__WHAT TO DO__. What you return should match the data word for word, minus the images.

__GIVEN MATERIAL__.

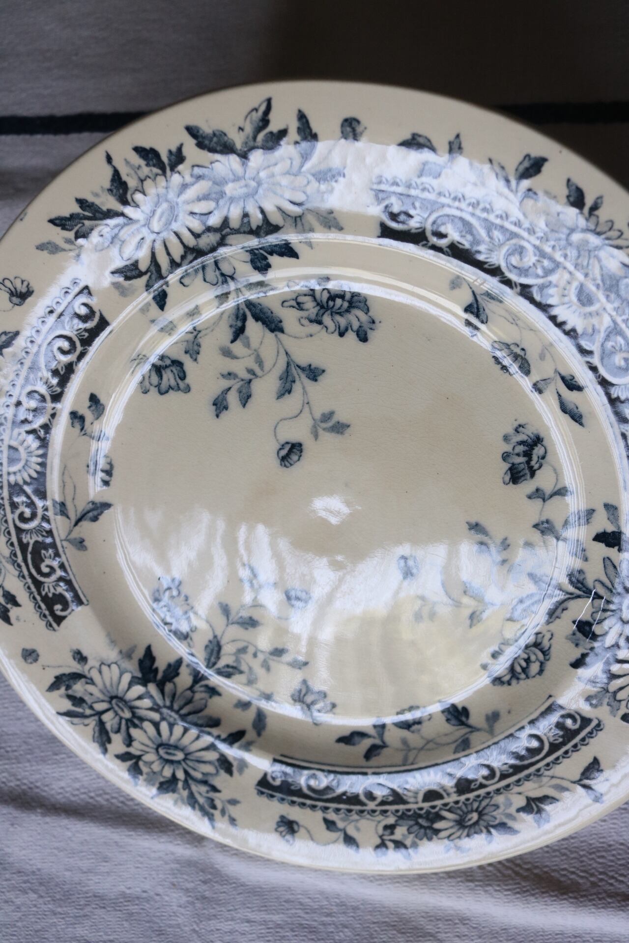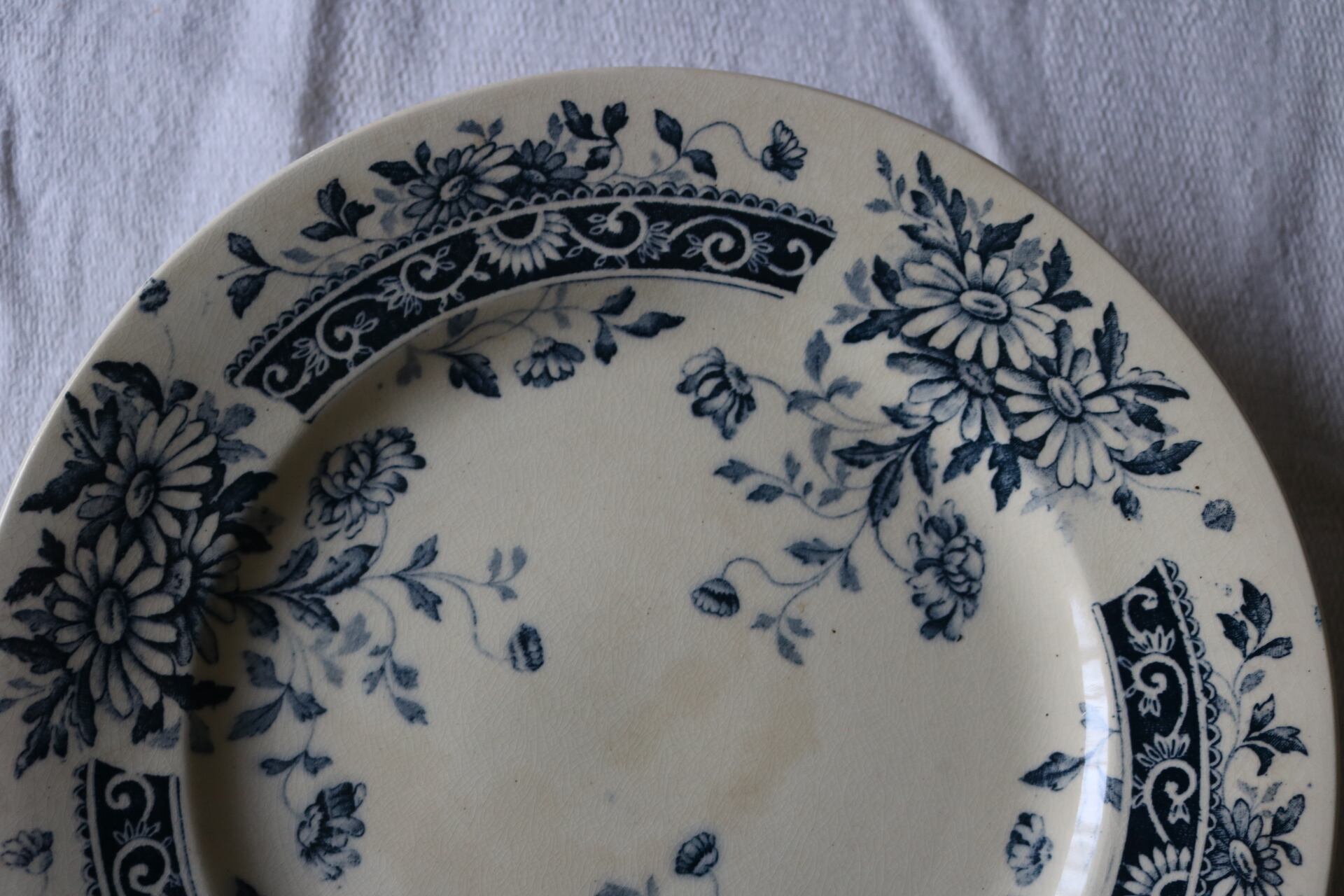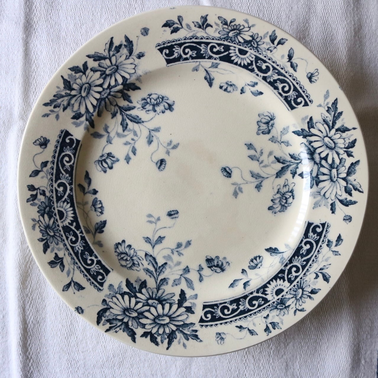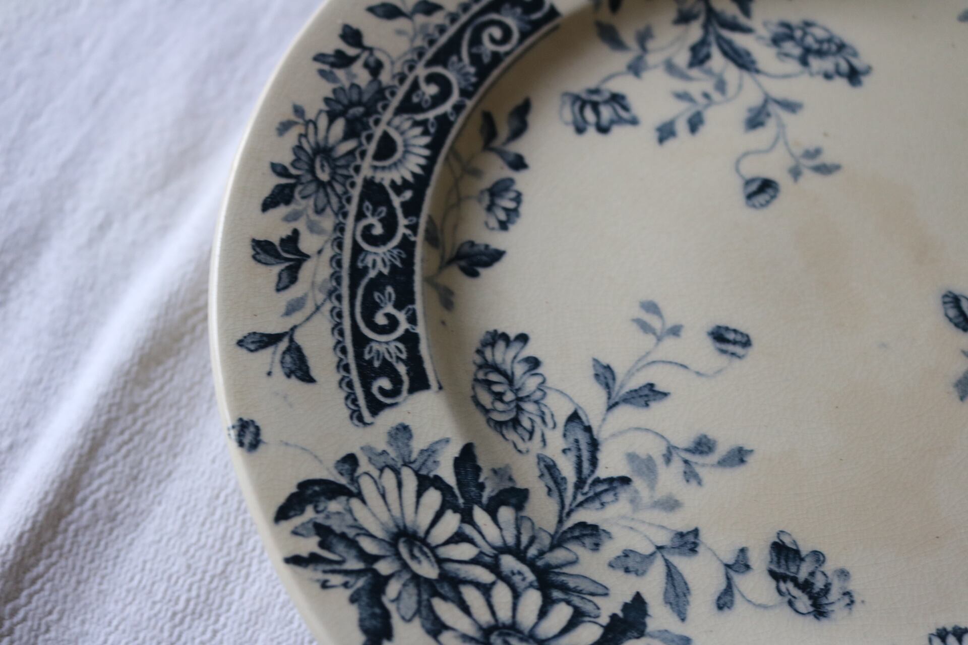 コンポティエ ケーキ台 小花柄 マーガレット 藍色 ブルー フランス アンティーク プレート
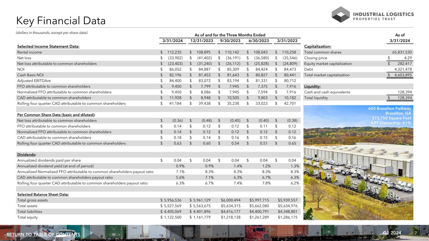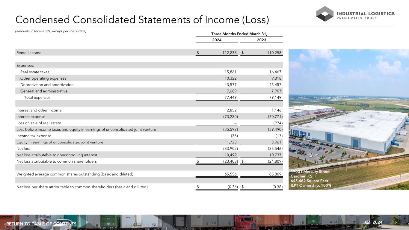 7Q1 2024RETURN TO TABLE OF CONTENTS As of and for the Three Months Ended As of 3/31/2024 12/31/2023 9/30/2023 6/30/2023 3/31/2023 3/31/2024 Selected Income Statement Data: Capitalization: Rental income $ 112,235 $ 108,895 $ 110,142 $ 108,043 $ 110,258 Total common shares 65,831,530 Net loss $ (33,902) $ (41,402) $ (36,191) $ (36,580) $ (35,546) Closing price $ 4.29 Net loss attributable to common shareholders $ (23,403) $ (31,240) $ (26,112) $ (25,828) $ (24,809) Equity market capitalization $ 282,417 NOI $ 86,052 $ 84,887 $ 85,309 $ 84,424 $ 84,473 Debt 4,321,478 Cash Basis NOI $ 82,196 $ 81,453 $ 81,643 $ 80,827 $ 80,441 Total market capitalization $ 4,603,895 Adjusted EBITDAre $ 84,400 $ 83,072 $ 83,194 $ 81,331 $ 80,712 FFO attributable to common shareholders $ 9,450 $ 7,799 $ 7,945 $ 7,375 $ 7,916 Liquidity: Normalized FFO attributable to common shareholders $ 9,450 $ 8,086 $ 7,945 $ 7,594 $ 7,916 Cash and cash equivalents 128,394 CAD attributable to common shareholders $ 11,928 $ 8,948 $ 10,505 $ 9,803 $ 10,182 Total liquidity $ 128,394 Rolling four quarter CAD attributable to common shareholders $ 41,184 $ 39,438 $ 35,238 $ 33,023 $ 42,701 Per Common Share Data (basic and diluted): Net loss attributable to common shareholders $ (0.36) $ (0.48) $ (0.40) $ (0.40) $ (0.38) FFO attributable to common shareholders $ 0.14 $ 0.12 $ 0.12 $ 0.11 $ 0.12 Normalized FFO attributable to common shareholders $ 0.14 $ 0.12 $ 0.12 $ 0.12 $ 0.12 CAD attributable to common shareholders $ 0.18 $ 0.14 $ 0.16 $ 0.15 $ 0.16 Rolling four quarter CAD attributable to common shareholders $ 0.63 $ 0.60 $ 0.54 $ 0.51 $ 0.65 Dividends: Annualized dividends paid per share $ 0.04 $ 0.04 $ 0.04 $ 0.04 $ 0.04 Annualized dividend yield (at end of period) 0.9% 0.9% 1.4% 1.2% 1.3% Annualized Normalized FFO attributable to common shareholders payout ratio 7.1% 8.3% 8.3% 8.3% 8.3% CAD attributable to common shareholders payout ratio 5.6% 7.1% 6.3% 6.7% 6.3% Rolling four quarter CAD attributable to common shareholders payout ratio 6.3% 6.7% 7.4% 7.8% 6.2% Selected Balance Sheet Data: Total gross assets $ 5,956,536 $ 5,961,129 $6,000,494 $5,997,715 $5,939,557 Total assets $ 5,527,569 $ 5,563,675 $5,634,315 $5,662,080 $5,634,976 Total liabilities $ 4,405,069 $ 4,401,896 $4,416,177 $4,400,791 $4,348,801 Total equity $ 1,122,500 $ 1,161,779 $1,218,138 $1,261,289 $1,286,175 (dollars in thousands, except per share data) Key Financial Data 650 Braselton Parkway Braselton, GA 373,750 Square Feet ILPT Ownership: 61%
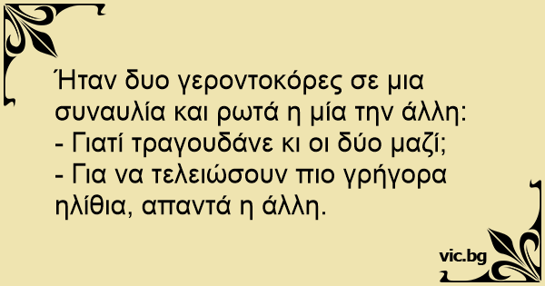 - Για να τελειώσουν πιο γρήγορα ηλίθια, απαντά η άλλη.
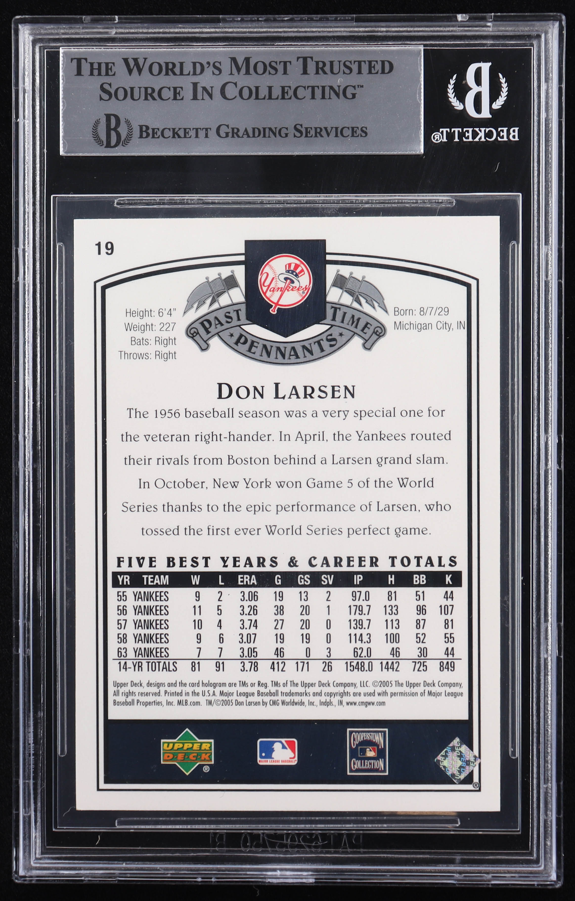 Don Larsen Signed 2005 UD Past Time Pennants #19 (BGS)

__TASK SOLUTION__.
 コンポティエ ケーキ台 小花柄 マーガレット 藍色 ブルー フランス アンティーク プレート
 7Q1 2024RETURN TO TABLE OF CONTENTS As of and for the Three Months Ended As of 3/31/2024 12/31/2023 9/30/2023 6/30/2023 3/31/2023 3/31/2024 Selected Income Statement Data: Capitalization: Rental income $ 112,235 $ 108,895 $ 110,142 $ 108,043 $ 110,258 Total common shares 65,831,530 Net loss $ (33,902) $ (41,402) $ (36,191) $ (36,580) $ (35,546) Closing price $ 4.29 Net loss attributable to common shareholders $ (23,403) $ (31,240) $ (26,112) $ (25,828) $ (24,809) Equity market capitalization $ 282,417 NOI $ 86,052 $ 84,887 $ 85,309 $ 84,424 $ 84,473 Debt 4,321,478 Cash Basis NOI $ 82,196 $ 81,453 $ 81,643 $ 80,827 $ 80,441 Total market capitalization $ 4,603,895 Adjusted EBITDAre $ 84,400 $ 83,072 $ 83,194 $ 81,331 $ 80,712 FFO attributable to common shareholders $ 9,450 $ 7,799 $ 7,945 $ 7,375 $ 7,916 Liquidity: Normalized FFO attributable to common shareholders $ 9,450 $ 8,086 $ 7,945 $ 7,594 $ 7,916 Cash and cash equivalents 128,394 CAD attributable to common shareholders $ 11,928 $ 8,948 $ 10,505 $ 9,803 $ 10,182 Total liquidity $ 128,394 Rolling four quarter CAD attributable to common shareholders $ 41,184 $ 39,438 $ 35,238 $ 33,023 $ 42,701 Per Common Share Data (basic and diluted): Net loss attributable to common shareholders $ (0.36) $ (0.48) $ (0.40) $ (0.40) $ (0.38) FFO attributable to common shareholders $ 0.14 $ 0.12 $ 0.12 $ 0.11 $ 0.12 Normalized FFO attributable to common shareholders $ 0.14 $ 0.12 $ 0.12 $ 0.12 $ 0.12 CAD attributable to common shareholders $ 0.18 $ 0.14 $ 0.16 $ 0.15 $ 0.16 Rolling four quarter CAD attributable to common shareholders $ 0.63 $ 0.60 $ 0.54 $ 0.51 $ 0.65 Dividends: Annualized dividends paid per share $ 0.04 $ 0.04 $ 0.04 $ 0.04 $ 0.04 Annualized dividend yield (at end of period) 0.9% 0.9% 1.4% 1.2% 1.3% Annualized Normalized FFO attributable to common shareholders payout ratio 7.1% 8.3% 8.3% 8.3% 8.3% CAD attributable to common shareholders payout ratio 5.6% 7.1% 6.3% 6.7% 6.3% Rolling four quarter CAD attributable to common shareholders payout ratio 6.3% 6.7% 7.4% 7.8% 6.2% Selected Balance Sheet Data: Total gross assets $ 5,956,536 $ 5,961,129 $6,000,494 $5,997,715 $5,939,557 Total assets $ 5,527,569 $ 5,563,675 $5,634,315 $5,662,080 $5,634,976 Total liabilities $ 4,405,069 $ 4,401,896 $4,416,177 $4,400,791 $4,348,801 Total equity $ 1,122,500 $ 1,161,779 $1,218,138 $1,261,289 $1,286,175 (dollars in thousands, except per share data) Key Financial Data 650 Braselton Parkway Braselton, GA 373,750 Square Feet ILPT Ownership: 61%
 - Για να τελειώσουν πιο γρήγορα ηλίθια, απαντά η άλλη.
 Don Larsen Signed 2005 UD Past Time Pennants #19 (BGS)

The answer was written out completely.